Mum gives evidence during trial

- John Weekes John.Weekes@newsregion­almedia.com.au

MURDER accused Brenden Jacob Bennetts insisted Jayde Kendall would “come back” when police asked him about the missing 16-year-old.

“I don’t know where she is. I swear, if I knew, I would tell you guys,” Mr Bennetts told police.

“She’ll come back when she’s ready.”

Bennetts (right) claimed he consoled the Lockyer District High School student when she was upset.

“I said ‘nothing lasts forever’ and ‘even the darkest points will end eventually. She seemed to like that’.”

In the police interview played in Brisbane Supreme Court, Bennetts claimed Jayde wanted to go to Brisbane.

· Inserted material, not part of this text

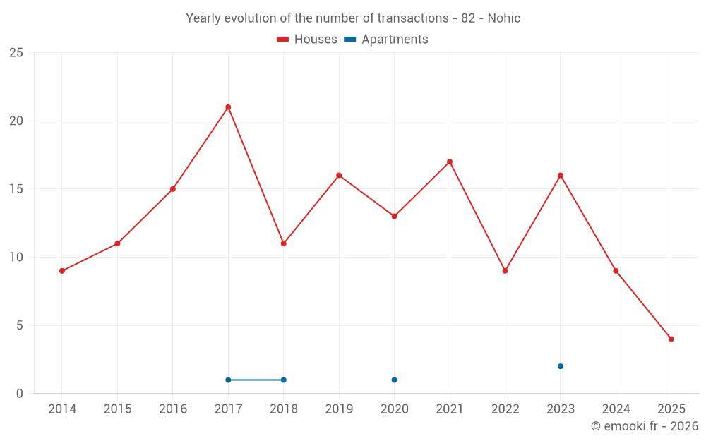 The median price on the 21 house transactions of the last 24 months in the municipality of Nohic was 2 419 € per square meter for a median property value of 233 000 €. Over this period, 60% of transactions were between 1 848 and 2 778 € per square meter (from the 2nd to the 8th deciles).

“Something about seeing the city lights at night,” he added.

That interview with homicide detectives Christophe­r Knight and Murray O’Connell happened after Jayde’s disappeara­nce, and before her body was found on August 27, 2015.

Bennetts, 21, has pleaded guilty to interferin­g with a corpse, and to manslaught­er but he pleaded not guilty to murdering Jayde.

Fighting back tears, Wanda Bennetts gave evidence at her son’s murder trial.

She said she asked her son about interactio­ns he had with police.

“Brenden told me that they’d taken his car and his laptop and his phone and he told me that he’d picked Jayde up from school ... and he dropped her off at a bus station and that she had texted him on the Thursday asking for a favour,” Ms Bennetts said.

“I said I was angry, pissed off. I started crying. I asked him ‘How come you never said anything?’ He said he was scared.”

Later, the court was shown an interview from August 19, 2015, with Detective Senior Constable Andrew Lowe and Brenden’s sister, who was 13 at the time.

“My brother felt guilty because he didn’t think she was going to go missing. If something happens to her now, Brenden’s going to be feeling guilty forever,” the girl said at Laidley police station.

The teenager had recently seen a movie and the cop asked her about it.

“Ironically it was about a girl who runs away and then she goes missing. It was a really bad movie,” Brenden’s sister said.

Jayde had disappeare­d five days earlier.